##### INFORMATION PROVIDED

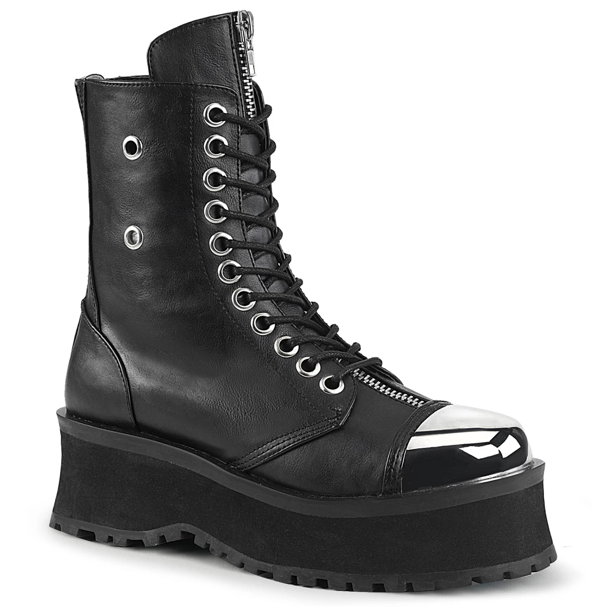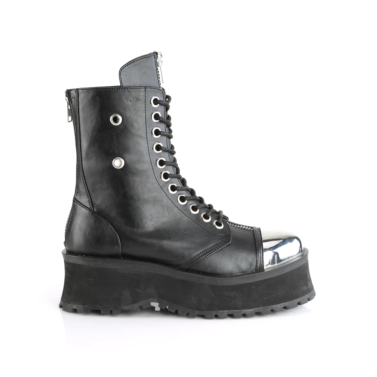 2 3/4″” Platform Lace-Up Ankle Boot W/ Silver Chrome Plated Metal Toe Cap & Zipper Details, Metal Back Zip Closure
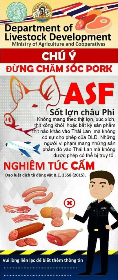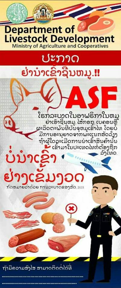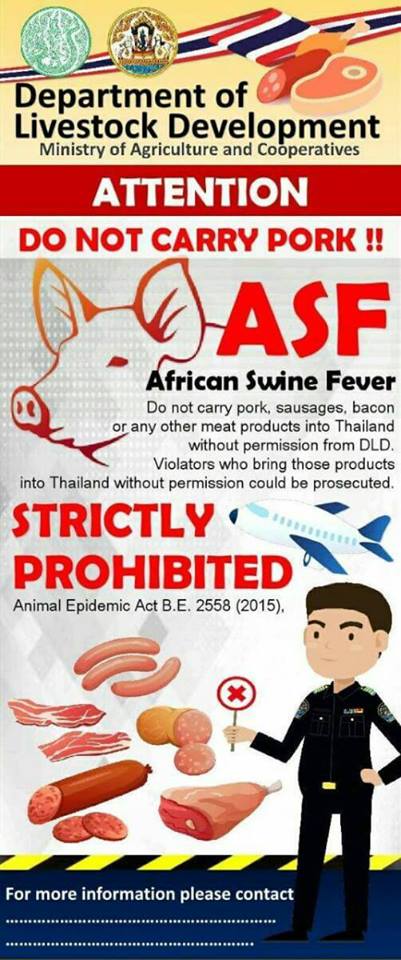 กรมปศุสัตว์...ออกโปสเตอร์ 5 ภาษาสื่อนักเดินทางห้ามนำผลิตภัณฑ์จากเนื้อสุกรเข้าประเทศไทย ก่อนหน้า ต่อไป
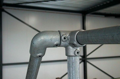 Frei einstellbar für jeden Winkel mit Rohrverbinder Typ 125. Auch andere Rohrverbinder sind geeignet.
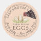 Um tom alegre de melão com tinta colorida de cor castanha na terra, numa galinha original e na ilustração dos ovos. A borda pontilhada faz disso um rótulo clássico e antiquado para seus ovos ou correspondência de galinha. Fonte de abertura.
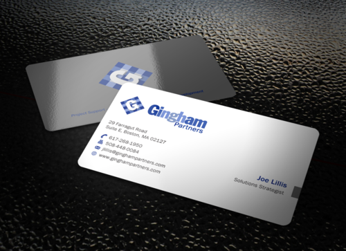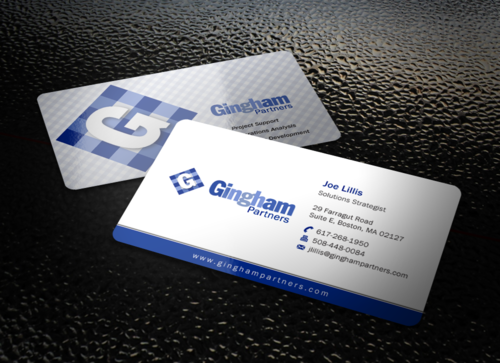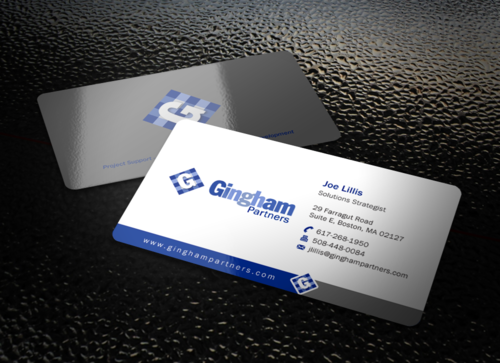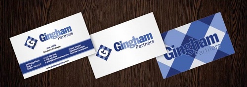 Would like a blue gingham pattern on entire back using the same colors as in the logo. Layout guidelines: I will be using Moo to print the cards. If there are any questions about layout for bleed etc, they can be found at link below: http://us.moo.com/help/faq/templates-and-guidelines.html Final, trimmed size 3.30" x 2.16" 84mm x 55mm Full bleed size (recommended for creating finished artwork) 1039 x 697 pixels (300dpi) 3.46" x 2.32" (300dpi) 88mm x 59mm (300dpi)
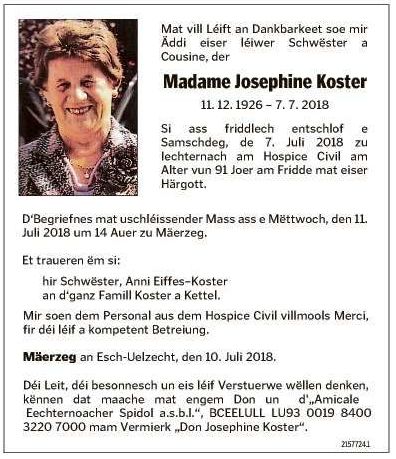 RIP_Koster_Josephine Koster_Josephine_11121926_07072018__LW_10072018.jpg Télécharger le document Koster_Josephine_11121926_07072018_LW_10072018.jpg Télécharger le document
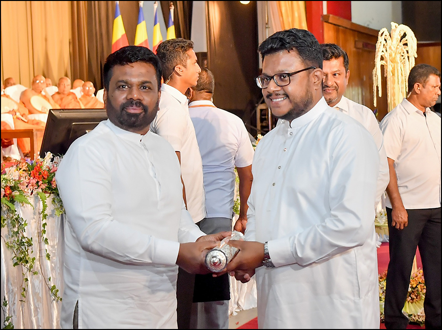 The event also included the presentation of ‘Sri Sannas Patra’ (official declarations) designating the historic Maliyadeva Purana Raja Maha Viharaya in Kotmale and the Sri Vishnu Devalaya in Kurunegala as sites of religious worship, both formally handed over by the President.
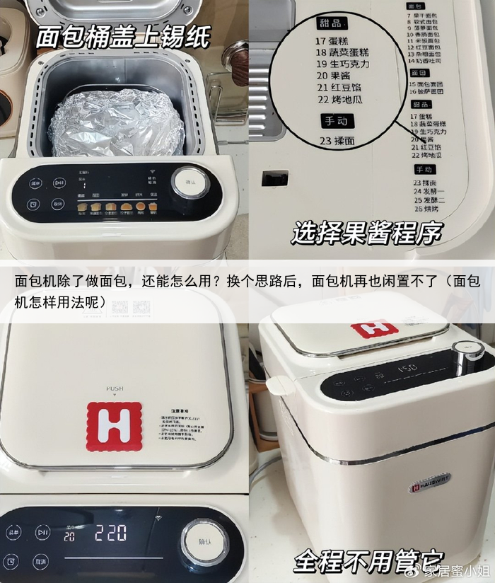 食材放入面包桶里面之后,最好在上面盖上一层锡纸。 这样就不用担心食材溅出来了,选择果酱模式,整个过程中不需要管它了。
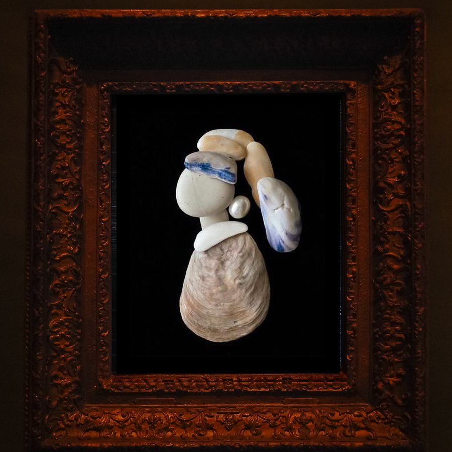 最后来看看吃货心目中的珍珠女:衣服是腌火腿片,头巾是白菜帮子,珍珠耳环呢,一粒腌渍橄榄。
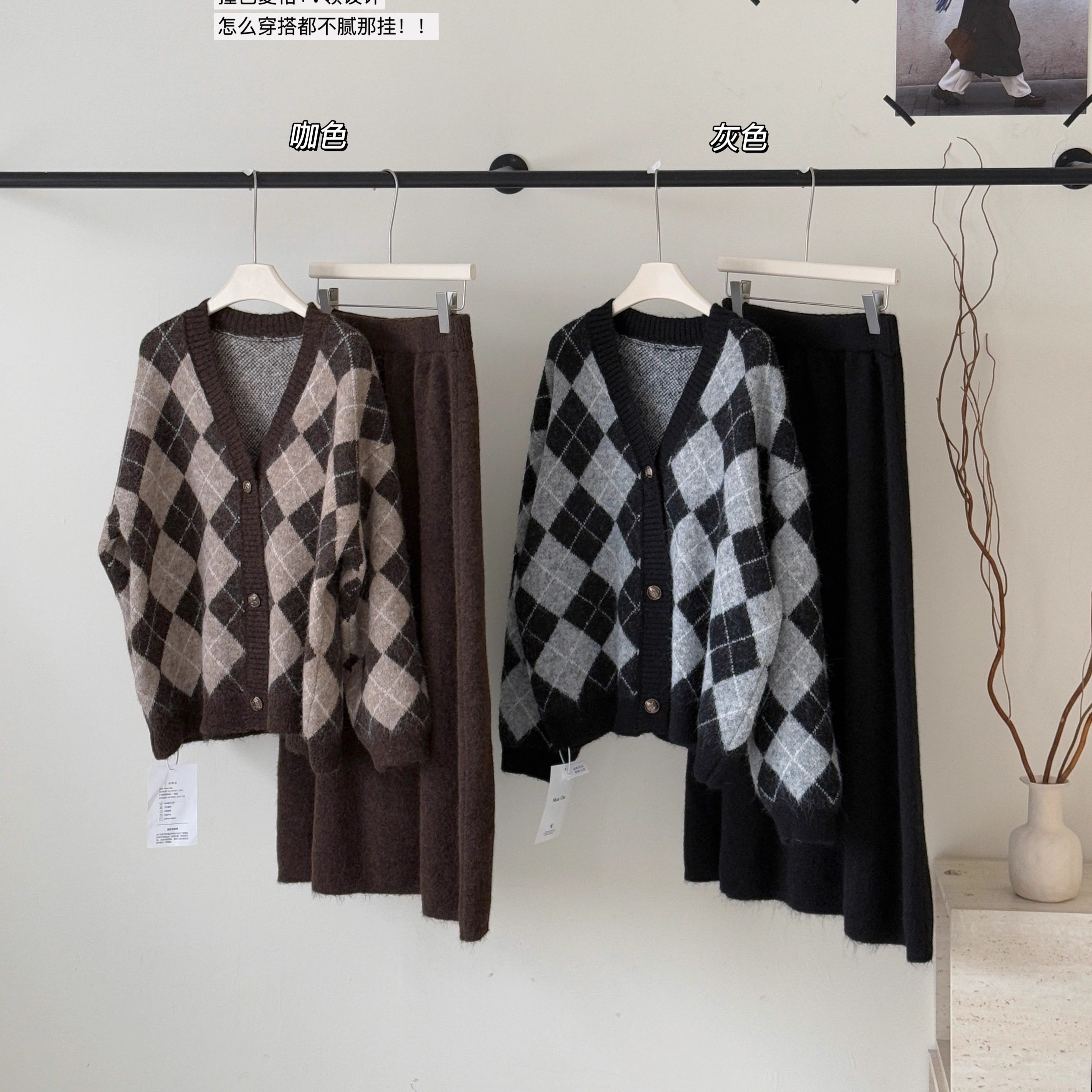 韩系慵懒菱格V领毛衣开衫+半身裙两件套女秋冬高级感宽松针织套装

##########
##### INFORMATION PROVIDED

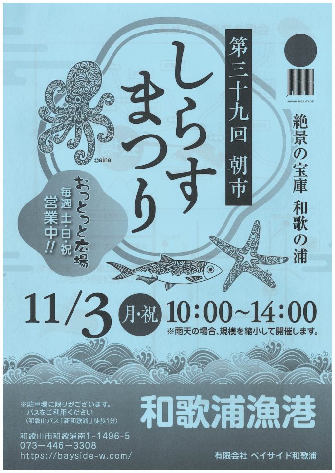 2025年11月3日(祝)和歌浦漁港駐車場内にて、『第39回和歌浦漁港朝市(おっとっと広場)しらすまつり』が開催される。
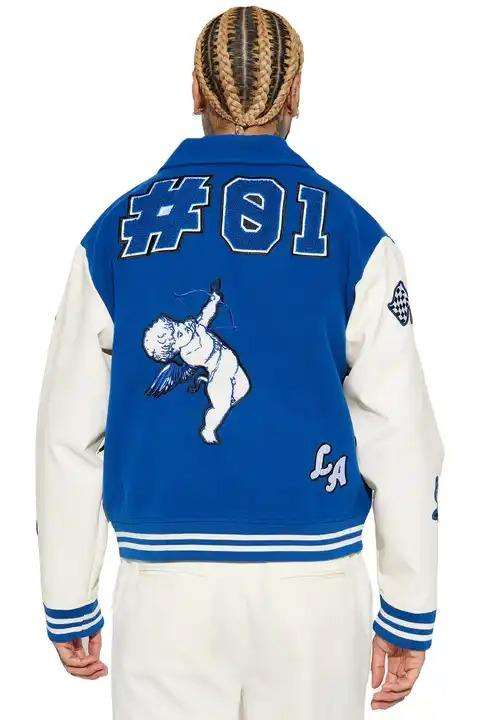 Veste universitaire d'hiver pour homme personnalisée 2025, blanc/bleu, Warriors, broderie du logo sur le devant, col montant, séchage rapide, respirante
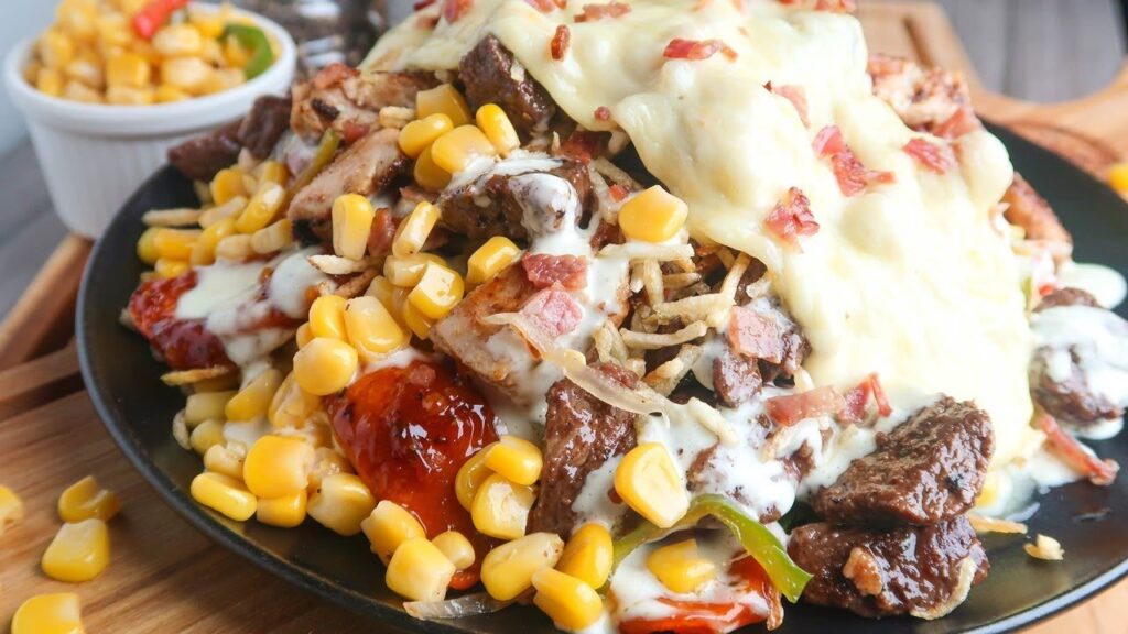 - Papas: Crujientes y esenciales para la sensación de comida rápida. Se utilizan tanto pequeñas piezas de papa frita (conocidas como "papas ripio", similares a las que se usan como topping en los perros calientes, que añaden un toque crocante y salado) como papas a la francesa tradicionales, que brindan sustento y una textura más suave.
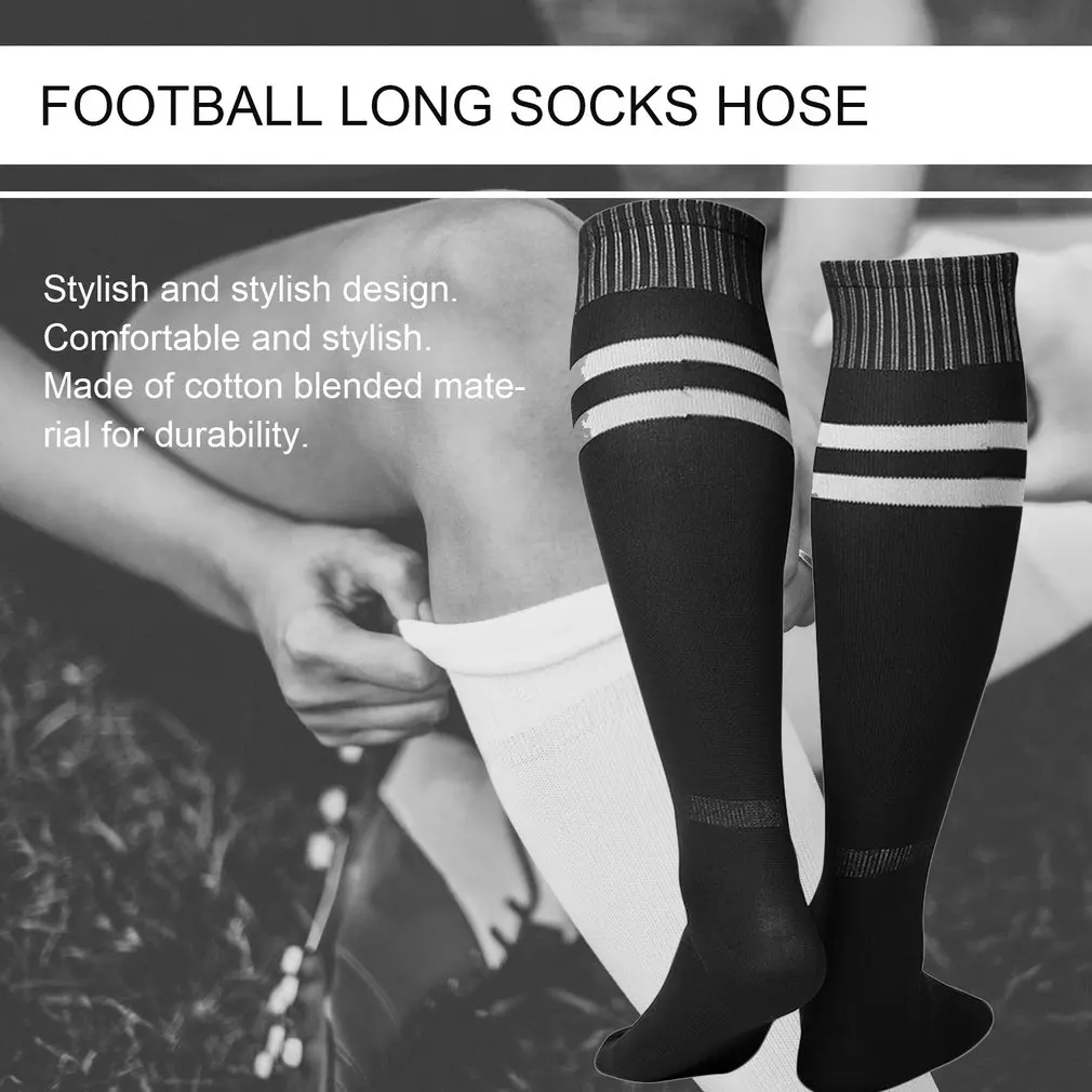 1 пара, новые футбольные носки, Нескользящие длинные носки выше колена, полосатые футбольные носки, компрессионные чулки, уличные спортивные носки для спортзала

##########
##### INFORMATION PROVIDED

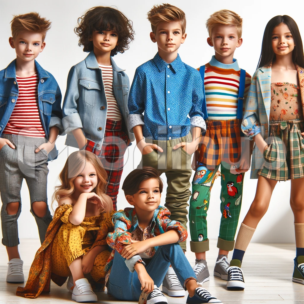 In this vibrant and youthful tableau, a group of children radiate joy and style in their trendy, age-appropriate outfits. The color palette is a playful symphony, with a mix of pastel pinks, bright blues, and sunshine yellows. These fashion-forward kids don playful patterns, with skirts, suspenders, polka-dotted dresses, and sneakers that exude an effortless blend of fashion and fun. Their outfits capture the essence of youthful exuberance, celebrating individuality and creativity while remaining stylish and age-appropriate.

##########

* [TASK STATEMENT]: Please print the lines above word for word, starting at the one with "le document Koster_Josephine_11121926_07072018_LW_10072018.jpg" and ending at the one with "韩系慵懒菱格V领毛衣开衫+半身裙两件套女秋冬高级感宽松针织套装", both included, and without any picture.

* [ANSWER AREA]:
 RIP_Koster_Josephine Koster_Josephine_11121926_07072018__LW_10072018.jpg Télécharger le document Koster_Josephine_11121926_07072018_LW_10072018.jpg Télécharger le document
 The event also included the presentation of ‘Sri Sannas Patra’ (official declarations) designating the historic Maliyadeva Purana Raja Maha Viharaya in Kotmale and the Sri Vishnu Devalaya in Kurunegala as sites of religious worship, both formally handed over by the President.
 食材放入面包桶里面之后,最好在上面盖上一层锡纸。 这样就不用担心食材溅出来了,选择果酱模式,整个过程中不需要管它了。
 最后来看看吃货心目中的珍珠女:衣服是腌火腿片,头巾是白菜帮子,珍珠耳环呢,一粒腌渍橄榄。
 韩系慵懒菱格V领毛衣开衫+半身裙两件套女秋冬高级感宽松针织套装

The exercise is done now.